Till now, each week's material is closely related to recursion. I think I cover partially in each week's post, just for your information. Since this week we had a term test, I think everybody did a systematic review over the past 7 weeks' material. Undoubtedly, my understanding of recursion is enhanced through this practice, particularly by looking back to all the slides and labs.

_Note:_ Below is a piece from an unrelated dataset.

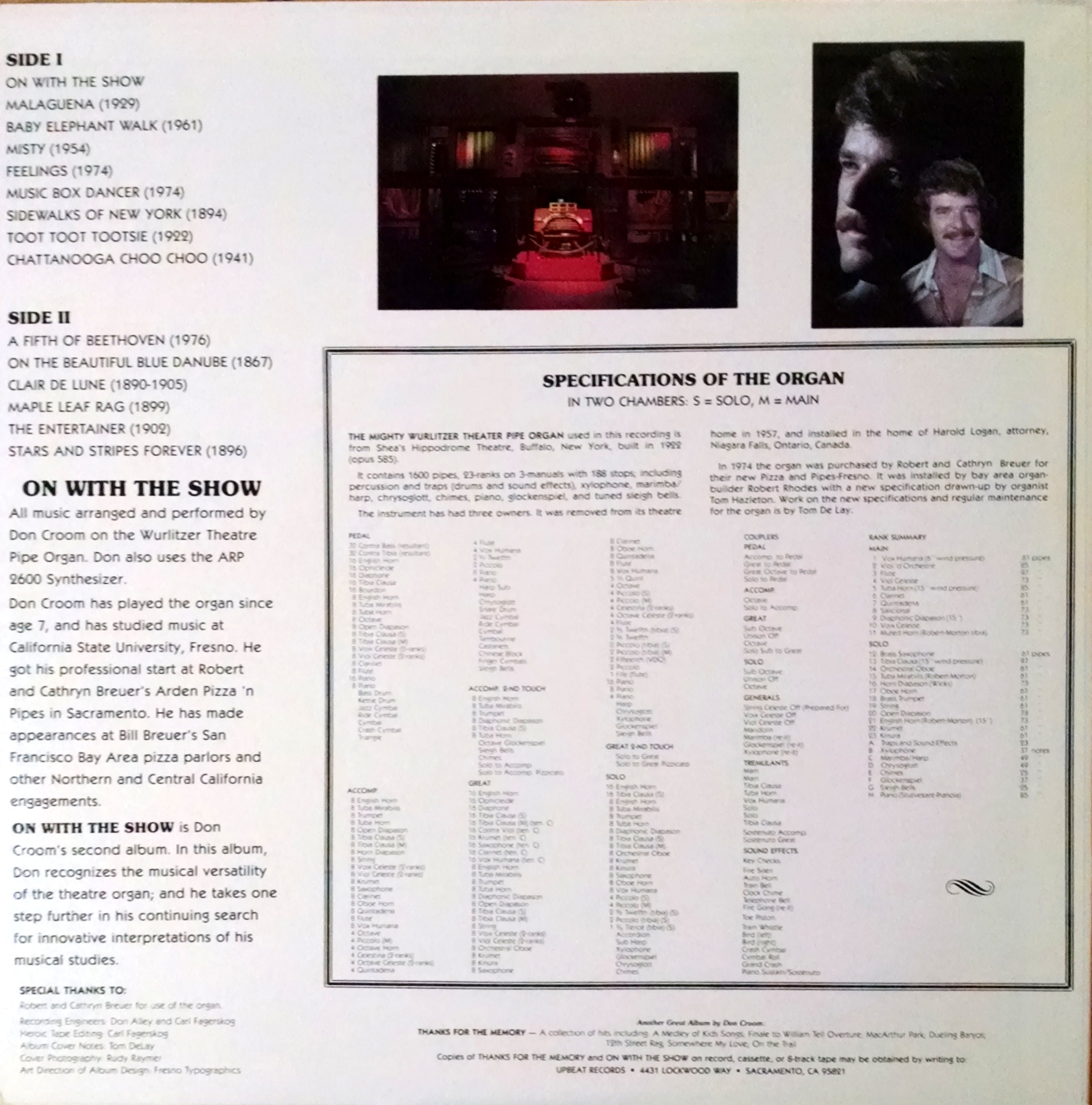 On With the Show captures The Croom in all his glory on the pipe organ at a Fresno, California pizza restaurant. He rocks all the swingin’ hits that the kids today love: “Baby Elephant Walk,” “Misty,” “Feelings,” and of course, “A Fifth of Beethoven.” You might think that if you’ve heard one disco Beethoven cut played on a pizza restaurant pipe organ you’ve heard them all, but that’s because you’ve never heard Don Croom make it his own.

In my way of solving the recursive problem, it is necessary to start from the simplest. For example, given a problem with nested list, we can start with a 0 nested list(just a simple list) to see what's the question is asking for. A little sketching or drawing never hurts.
Speaking of the essence of recursion, the next step is what the professor call the recursion insight, which is how we build up recursion on the previous case. In this section, there are generally two ways of writing the codes. Most of the examples given in class is written in the form of list comprehension. I find this a little difficult to understand at first, but after a long time training, sometimes this is the only solution I can think of. List comprehension requires one to be familiarized with the many methods list has, namely, sum, any, all...Nevertheless, it has its constraint when the problem become more complicated all the scenario can't be covered in one or two lines. This is when we should adopt the block method. I remembered I was stuck the third question in lab 4 for so long. It made me realize the the importance of flexibility in choosing which method to use in writing code. Notably, in a block from, it is importance to have a return statement when you call the function itself or whenever you wan the result in this step to be used in the nest. I made a lot of mistakes here and just to remind everyone.
Finally, I finish up recursion with the base case. I know I am kind of doing the second and third steps backwards and ocaasionally, I even forget about the base case. Interestingly, sometimes the base case is latently wired in the code that doesn't require significant efforts to write it. E.g. when we want to sum up all the items in a nested list. The base case is automatically sum(a certain list).

Below is a interesting example (kind of tricky) I found in the tree structure codes:
counting the leaves in a tree: return sum(count(i) for i in t.children) + (0 if t.children else 1)
The simplest case is where the height of the tree is 0. This t.children == False, return 1
Whereas the recursion insight is more mathematically—count the leaves of each of its children.
The trickiest part i find is who the data is accumulated. When I was thinking about this question myself, I didn't think of the second part of the return statement. This elaborate design accumulates nothing if a tree has any children, but when it reaches the leaves, return 1. Then sum it up, thereby competing the code.

Recursion is indeed an artistic design and a product of wisdom.